2) Pay attention to seasonal trends
Seasonality can have a huge impact on how active your newly acquired users are. At CBS Sports, we found that users who install the app just before or early into the season of their favorite sport are more engaged and retain the app longest. As such, you won’t see app install ads from CBS Sports about baseball in the middle of winter, when the NFL and NBA are in full swing.
Another trend worth monitoring are your App Store and Play Store organic rankings. When your ranking is high, consider scaling back your spend on paid user acquisition, otherwise you may end up paying for installs you would have gotten for free. For example, we see a high volume of organic downloads during college basketball’s March Madness because so many people want to fill out brackets for the tournament.
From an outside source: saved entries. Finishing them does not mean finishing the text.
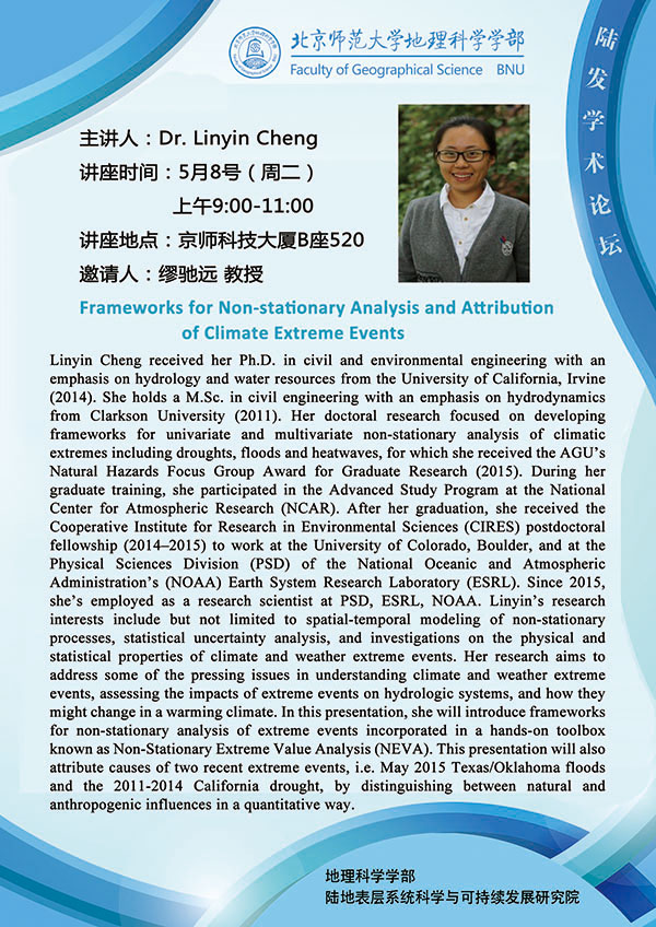 【5月8日讲座】Linyin Cheng,Frameworks for Non-stationary Analysis and Attribution of Climate Extreme Events
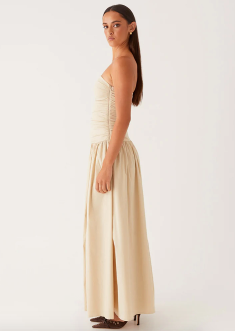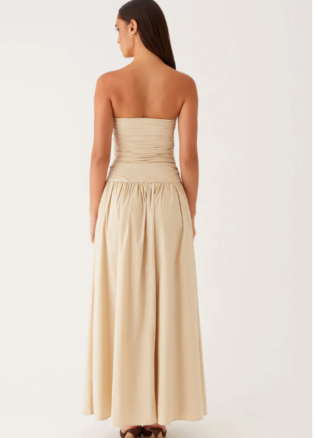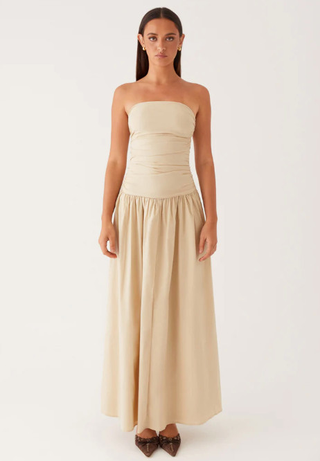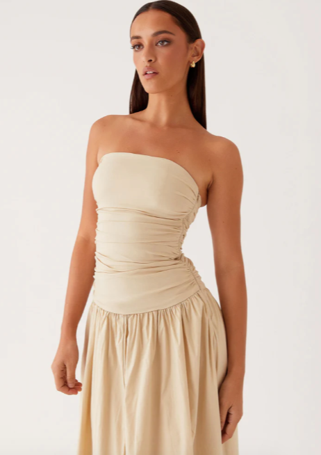 Introducing the Carmel Maxi Dress. With its strapless neckline and ruched bodice detailing, this dress exudes sophistication and charm, perfect for making a statement under the moonlit sky.
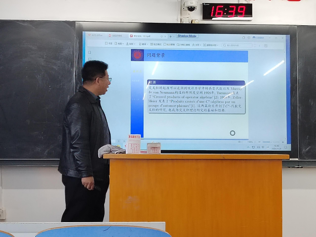 115日下午,黄利忠博士在行知楼302作题为Pro-Banach代数交叉积的表示”的学术讲座。本次讲座由科学技术部和数学与统计学院共同举办,是我校2024年下半年博士论坛系列讲座之一。本次讲座由数学与统计学院副院长马小箭副教授主持,学院部分师生参加了此次学术交流。
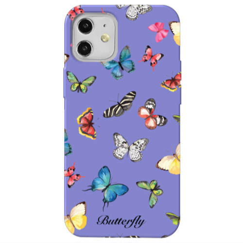 Θήκη Apple iPhone 12 Butterfly Mix Purple Colored Silicone TPU
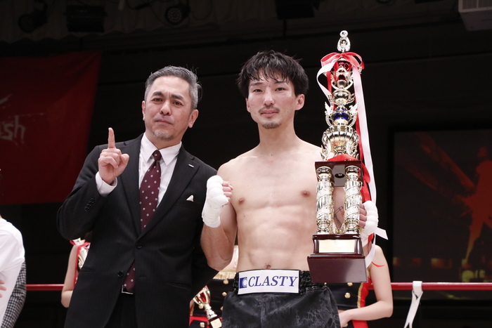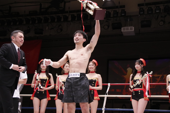 優勝トロフィーと賞金を手にした西京はマイクを持ち「ありがとうございました。むちゃむちゃ疲れましたね。1回戦で足を痛めて正直準決勝も決勝もメンタル的にきつかったんですが、何とか気合いで優勝できました。最後はKOでいい感じで締められたと思うので、次はK-1のチャンピオンを目指していくので注目お願いします」と話した。
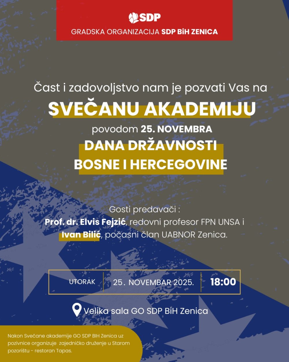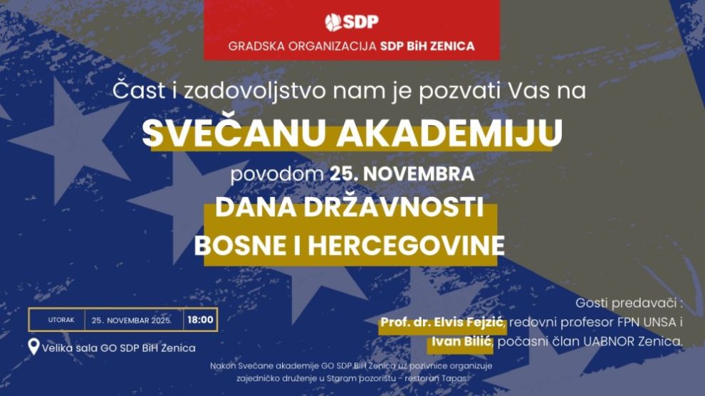 Gradska organizacija SDP BiH Zenica povodom 25. novembra Dana državnosti Bosne i Hercegovine organizuje SVEČANU AKADEMIJU, koja će se održati u utorak 25.11.2025. godine u 18 sati u Velikoj Sali GO SDP BiH Zenica, Ulica Masarikowa 48.

3) Get smart with your deep links
With deep links, we have the ability to enrich a new user’s app experience by sending them to the content, service or product featured in the mobile ad they clicked on. Perhaps ability is the wrong word to use there. The way I see it, we have the duty to use deep links and send users to content that matches the experience they had with the ad.
Deep links help improve initial engagement rates, which go a long way toward improving long-term retention rates. After all, it’s impossible to keep a user around for 3+ months if they give up on the app after their first experience.
At CBS Sports, our deep linking strategy is simple, yet effective. If a new user installs the app after viewing an ad featuring baseball, we lead them to the baseball home screen. The same goes for football, basketball, and every other sport we feature in ads.
Long-term user retention is a challenge for any app marketer, but using the tips above should help you develop a user acquisition strategy that brings in users who engage with your app now and in the future.